FROM THE MIDDLE AGES TO VIRAL MEMES OF LOCKTOBER

Ideography & Ideograms

This collaborative article by Garchitorena and Zaghis is a bawdy and rambunctious read, chronicling the history of the chastity belt from its satirical inception to its contemporary use in the online manosphere.

From Satire to Steel

 

The chastity belt was first mentioned in Bellifortis, Konrad Kyeser’s 1405 war manual that humorously depicts military magic, absurd siege weapons, and wall-scaling devices – essentially a medieval shitpost compendium. It was satire, a joke about paranoid husbands, never an actual historical practice. It doubled as a metaphor marking the transition from the Middle Ages to the Renaissance, suggesting a refinement of noble values. The belt itself, however, was always fiction.

 

Since its fabulation, a fragmented proliferation of scornful comics, sexy poems and erotic paintings materialised the object and transformed it into a narrative vehicle.
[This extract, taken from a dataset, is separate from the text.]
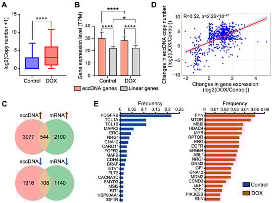EccDNA generally exhibits higher copy numbers than linear chromosomes, thereby driving tumor progression [15]. We therefore assessed whether DNA damage in HCC HepG2 cells affects eccDNA copy number. As expected, DOX-induced DNA damage led to a significant increase in eccDNA copy number in HCC HepG2 cells (p-value = 1.85 × 10−5) (Figure 2A). The high copy number of eccDNA often results in rapid amplification of the genes located on eccDNA, thereby increasing tumor cell heterogeneity and contributing to drug resistance [16,17]. We identified genes on eccDNA, a total of 2034 genes were detected on 2168 out of 4307 eccDNAs (50.3%) in the control group, while 4659 genes were detected on 6150 out of 12,174 eccDNAs (50.5%) in the DOX group (Supplementary Table S2). Functional enrichment pathway analysis revealed that eccDNA genes were enriched in liver cancer and tumor progression-related pathways. After DOX-induced DNA damage, eccDNA genes were specifically enriched in DNA damage-related pathways, such as PI3K-Akt and mTOR pathways (Figure S1), suggesting their participation in the DNA damage response process.

By the 18th and 19th centuries, replicas were produced with embellishments of hearts, leather, metal, and satin, inadvertently elevating mockery into supposedly historical authenticity. Museums displayed them as genuine artifacts, and the fiction became fact.

 

Although the earliest versions targeted women, over time the chastity belt was rendered as the ‘male chastity apparatus.’ From the mid-1800s onward, doctors claimed that masturbation caused insanity, blindness, epilepsy, paralysis, and early death – Victorian moral panic disguised as science. In the early 1900s, patents were filed with specifications for member housing, partial ring, and locking pin to prevent sexual activity. Throughout the 20th century, design iterations progressed globally, as if nations were competing over technological innovation toward containing the bulge. The mythology had metastasised into medical devices and finally ideology. By the time the internet arrived, the groundwork was already laid: a fictional object with centuries of accumulated meaning, ready to be reactivated by communities searching for structure, purpose, and belonging.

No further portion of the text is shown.